─── INFORMATION SHOWN ───
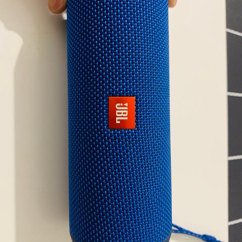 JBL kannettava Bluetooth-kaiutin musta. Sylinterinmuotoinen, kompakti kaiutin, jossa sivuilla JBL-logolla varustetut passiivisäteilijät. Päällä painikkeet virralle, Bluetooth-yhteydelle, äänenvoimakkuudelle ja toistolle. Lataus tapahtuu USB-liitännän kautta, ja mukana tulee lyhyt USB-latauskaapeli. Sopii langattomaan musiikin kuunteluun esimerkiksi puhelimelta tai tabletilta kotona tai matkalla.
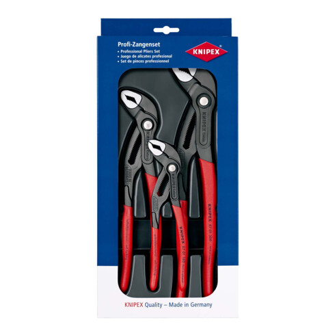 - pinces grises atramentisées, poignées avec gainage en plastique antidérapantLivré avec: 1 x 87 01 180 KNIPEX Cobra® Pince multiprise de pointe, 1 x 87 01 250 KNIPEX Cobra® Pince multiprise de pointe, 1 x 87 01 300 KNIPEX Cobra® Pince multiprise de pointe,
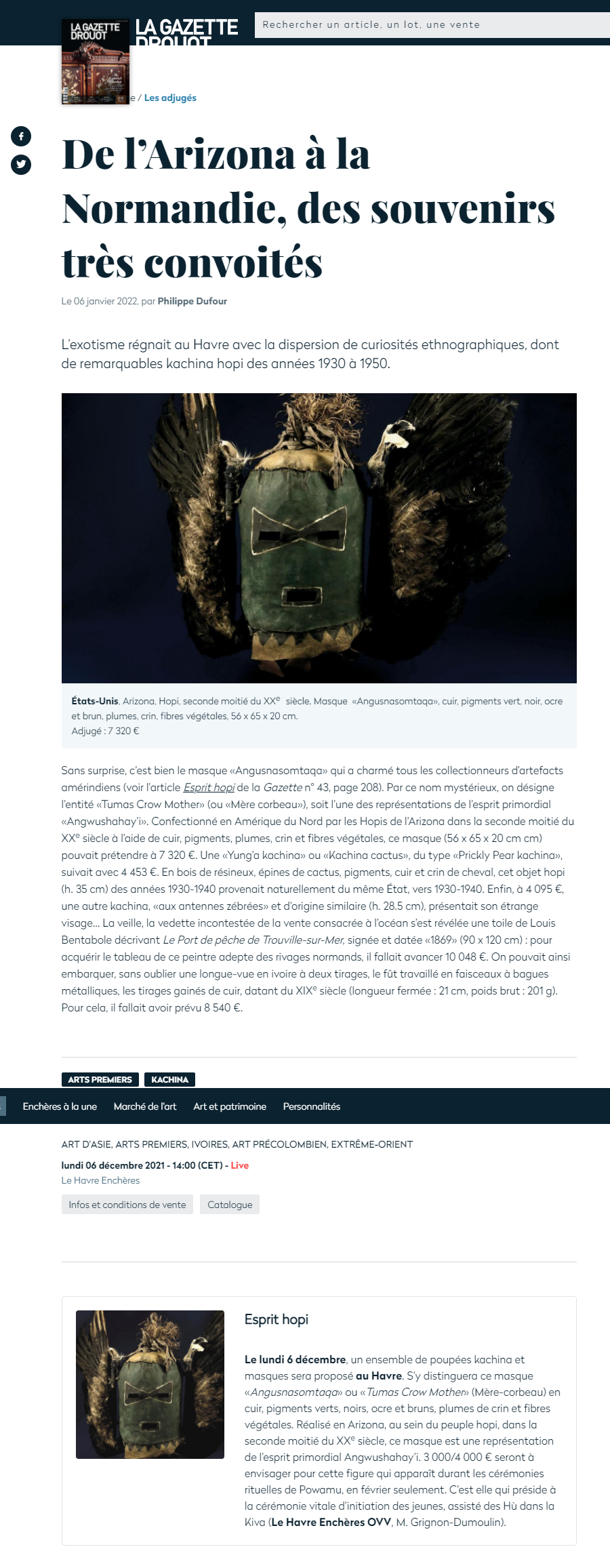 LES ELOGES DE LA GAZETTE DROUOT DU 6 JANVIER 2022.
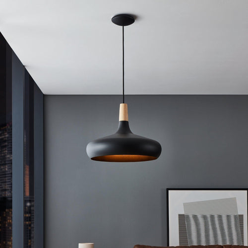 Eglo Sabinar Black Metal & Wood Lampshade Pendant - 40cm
───
─── INFORMATION SHOWN ───
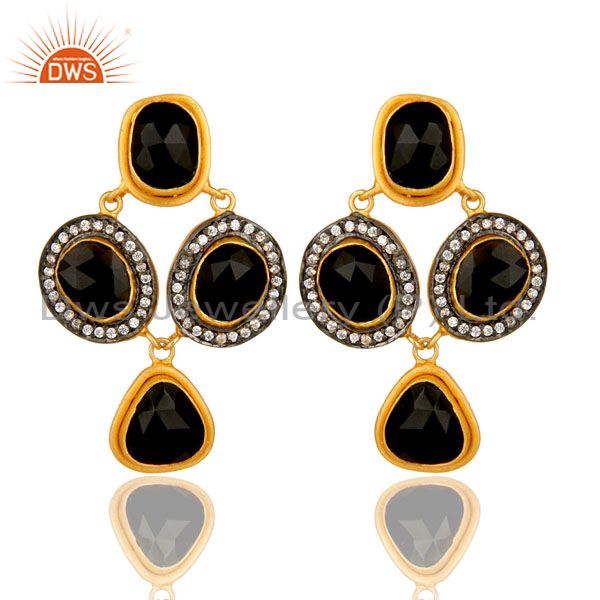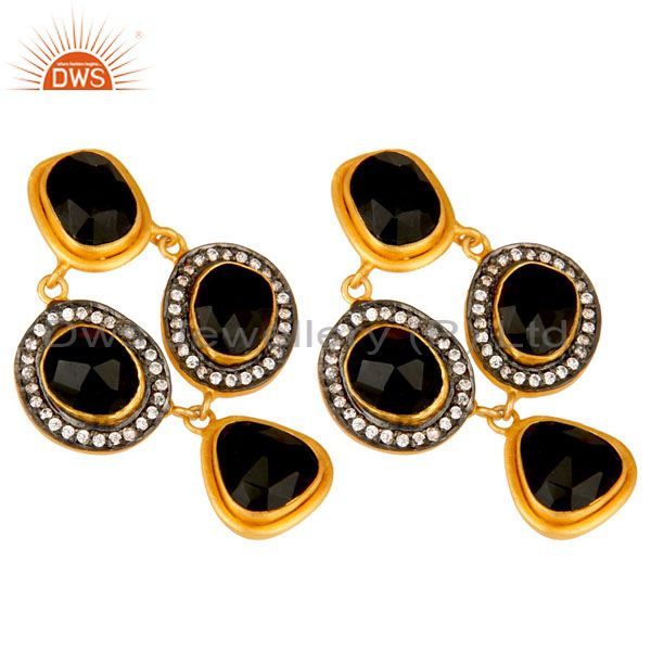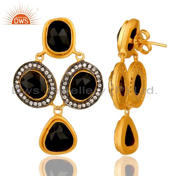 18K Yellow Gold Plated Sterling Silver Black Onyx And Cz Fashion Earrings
───
─── INFORMATION SHOWN ───
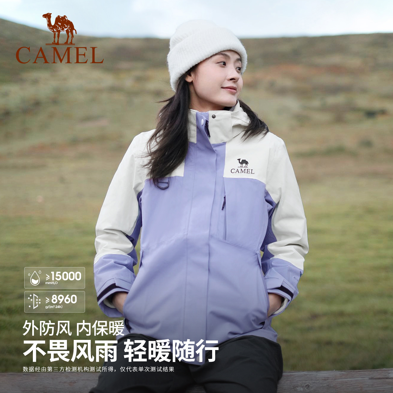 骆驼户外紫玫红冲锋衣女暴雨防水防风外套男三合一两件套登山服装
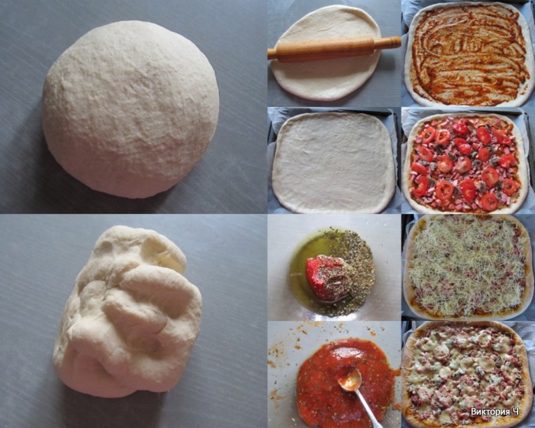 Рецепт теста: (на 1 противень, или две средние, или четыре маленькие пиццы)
───
Word for word, restate the lines above from the one with "骆驼户外紫玫红冲锋衣女暴雨防水防风外套男三合一两件套登山服装" through the one with "Рецепт теста: (на", keeping both ends and dropping the pictures.

 骆驼户外紫玫红冲锋衣女暴雨防水防风外套男三合一两件套登山服装
 Рецепт теста: (на 1 противень, или две средние, или четыре маленькие пиццы)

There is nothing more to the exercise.